Zu wenig Milch

Viele Mütter haben Angst vor zu wenig Milch, doch in den meisten Fällen ist diese Angst unbegründet. Falls Sie fürchten, dass Ihre Milchmenge nicht ausreicht, schauen Sie sich Ihr Baby zunächst einmal in Hinblick auf die Anzeichen für ein gut gedeihendes Baby an.

Sollte Ihre Milchmenge tatsächlich nicht ausreichen, wenden Sie sich an Ihre Stillberaterin, die Ihnen hilft, die Milchmenge zu steigern und halten Kontakt mit Ihrer Kinderärztin/Ihrem Kinderarzt.

Die folgenden Tipps haben sich zur Steigerung der Milchmenge bewährt:

  • Die Milchbildung folgt dem Prinzip von Angebot und Nachfrage. Das bedeutet, je mehr Milch aus der Brust entleert wird, umso mehr Milch wird gebildet. Deshalb sollten Sie die Zahl der Stillmahlzeiten erhöhen. Versuchen Sie tagsüber alle zwei Stunden und nachts alle drei Stunden anzulegen.
  • Nur wenn das Baby gut angelegt ist und es die Brust korrekt fasst, kann es die Brust angemessen stimulieren. Kontrollieren Sie deshalb Ihre Stillposition und das Ansaugen Ihres Babys oder lassen Sie dies durch Ihre Stillberaterin überprüfen. 
  • Stillen Sie mindestens 15 Minuten je Brust und bieten Sie bei jedem Stillen beide Brüste an.
  • Versuchen Sie es mit Wechselstillen.
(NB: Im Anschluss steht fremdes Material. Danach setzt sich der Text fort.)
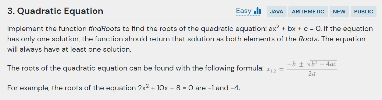 Roots roots = QuadraticEquation.findRoots(2, 10, 8);
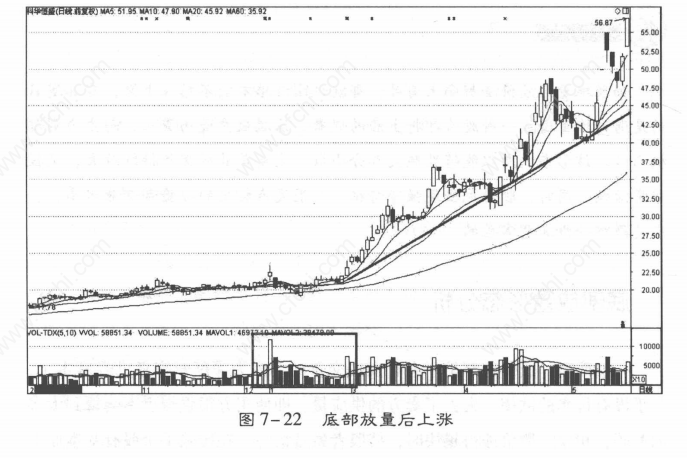 二是当市场下跌到一定程度后,由于政策利好等因素激发了市场人气,由此引发了底部放量后的上涨(图7-22)。

Sobald Sie feststellen, dass Ihr Baby langsamer saugt und schluckt, nehmen Sie es vorsichtig von der Brust und wechseln an die andere Seite.
  • Gönnen Sie sich genügend Erholung. Ein paar Tage Bettruhe mit dem Baby, während der sie nichts anderes tun als sich zu erholen und zu stillen, können sehr wirkungsvoll sein.
  • Vermeiden Sie jegliche künstlichen Sauger (Flaschen und Beruhigungssauger). Alles Saugen des Kindes sollte an der Brust stattfinden.
  • Verwenden Sie einen Becher, einen SoftCup Spezial-Trinkbecher, einen Löffel oder eine Spritze statt einer Flasche, falls zugefüttert werden muss. 
  • Es kann sinnvoll sein zusätzlich zu pumpen. Lassen Sie sich von Ihrer Stillberaterin über das Abpumpen und das Handausstreichen informieren.
    Zu viel Milch


Zu viel Milch kann ebenfalls ein Problem darstellen. Mütter, die zu viel Milch haben, können unter vollen, gestauten Brüsten, Milchstau und Brustentzündung leiden. Ihre Stillberaterin kann Sie bei Bedarf dabei unterstützen Ihre Milchmenge zu verringern.

Die folgenden Tipps haben sich bei der Verringerung der Milchmenge als hilfreich erwiesen:

  • Bieten Sie immer nur eine Brust pro Stillmahlzeit an. Lassen Sie Ihr Baby an dieser einen Seite so lange trinken, wie es will und bleiben Sie für die nächsten zwei Stunden bei dieser Brust, falls Ihr Baby nochmals trinken mag. Um zu verhindern, dass sich die Milch in der anderen Brust staut, streichen Sie dort gerade so viel Milch aus, dass Sie sich wohl fühlen. Entleeren Sie die Brust aber nur, wenn es unbedingt notwendig ist und nur so weit, dass es Ihnen Erleichterung verschafft. Leeren Sie die Brust nicht vollständig.
  • Kühlen Sie die Brust nach dem Stillen des Babys.
  • Trinken Sie eine Tasse Salbeitee. Salbei enthält natürliche Östrogene und kann die Milchmenge reduzieren. Pfefferminztee wirkt ähnlich, aber weniger stark als Salbeitee.